Already on GitHub? Sign in to your account

Support for transformer-only pipelines #86

Closed
AshwinSekar opened this issue Oct 9, 2018 · 4 comments
Closed

Support for transformer-only pipelines #86

AshwinSekar opened this issue Oct 9, 2018 · 4 comments

Comments

@AshwinSekar
Copy link

I understand that a PMMLPipeline must end with an estimator to be valid for conversion to pmml. I have use cases in which I have useful pipelines for preprocessing that I would like to convert to pmml for evaluation in Java.

If I stick a DummyClassifier or DummyRegressor at the end of the pipeline, it is able to be written to valid pmml, however the target_fields information is lost, and I am unsure how to recover anything but the dummy prediction from the pmml.

Is there a recommended workflow in this situation? Should I use the jpmml-plugin to create some sort of "pass through" estimator that returns the input?

Thanks for your help!

@vruusmann
Copy link
Member

Is there a recommended workflow in this situation?

There was a similar situation with Apache Spark pipelines, and we managed to find some sort of fairly elegant solution there. However, Apache Spark pipelines are far more flexible than Scikit-Learn pipelines (eg. can have multiple models in a pipeline, and there can be transformers following the last model), so the solution is probably 1:1 transferable (and I really cannot recall its technical details).

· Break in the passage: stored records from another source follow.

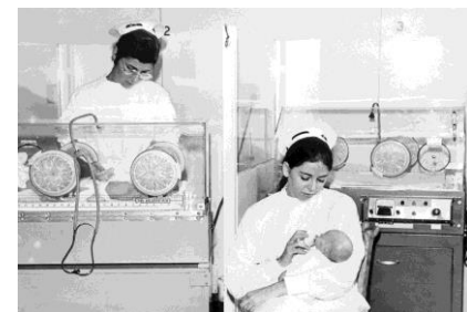
Anonymous, Nurses tending to newborns in neonatal ward, Jewish General Hospital, Montreal, about 1960s.
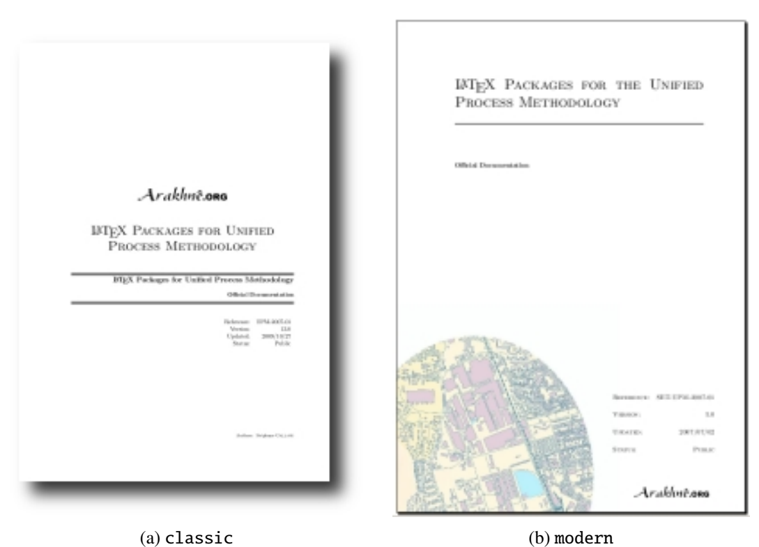
Figure 7.1: Front Page Layouts
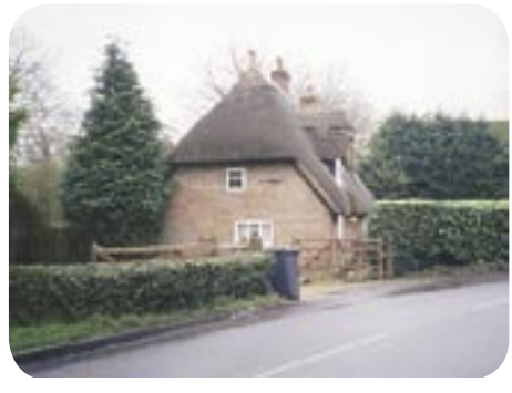
Deepwell Cottage, Oakley Lane

There are several unlisted buildings in the village that contribute to the special character of the Conservation Area. These buildings, dating mainly from the late 18th and 19th centuries, are predominantly constructed of vernacular materials, and are of simple domestic form and scale. Some of these are of historic value by virtue of their social significance, such as the St Leonard's Centre (formerly Church Oakley School). They may also possess features of particular architectural interest. However, it is their group value, in association with adjacent listed buildings, which significantly contributes to the overall special interest of the Conservation Area.
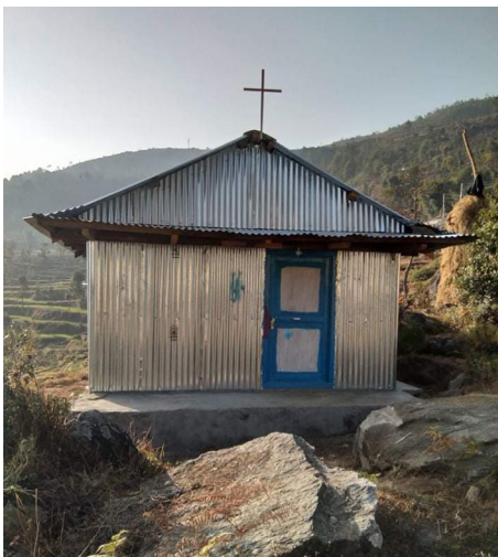
Newly built church at Bhote Chagu Dolakha

Should I use the jpmml-plugin to create some sort of "pass through" estimator that returns the input?

Probably the easiest solution to your problem:

  1. Create a dummy-like estimator. Could very well be a subclass of DummyRegressor or DummyClassifier.
  2. In its #encodeModel(Schema) method, create an empty Output element, and append an OutputField child element for every pre-processing step that you want to pass through. Be sure to use unique field names in order to avoid naming conflicts between DerivedField and OutputField elements.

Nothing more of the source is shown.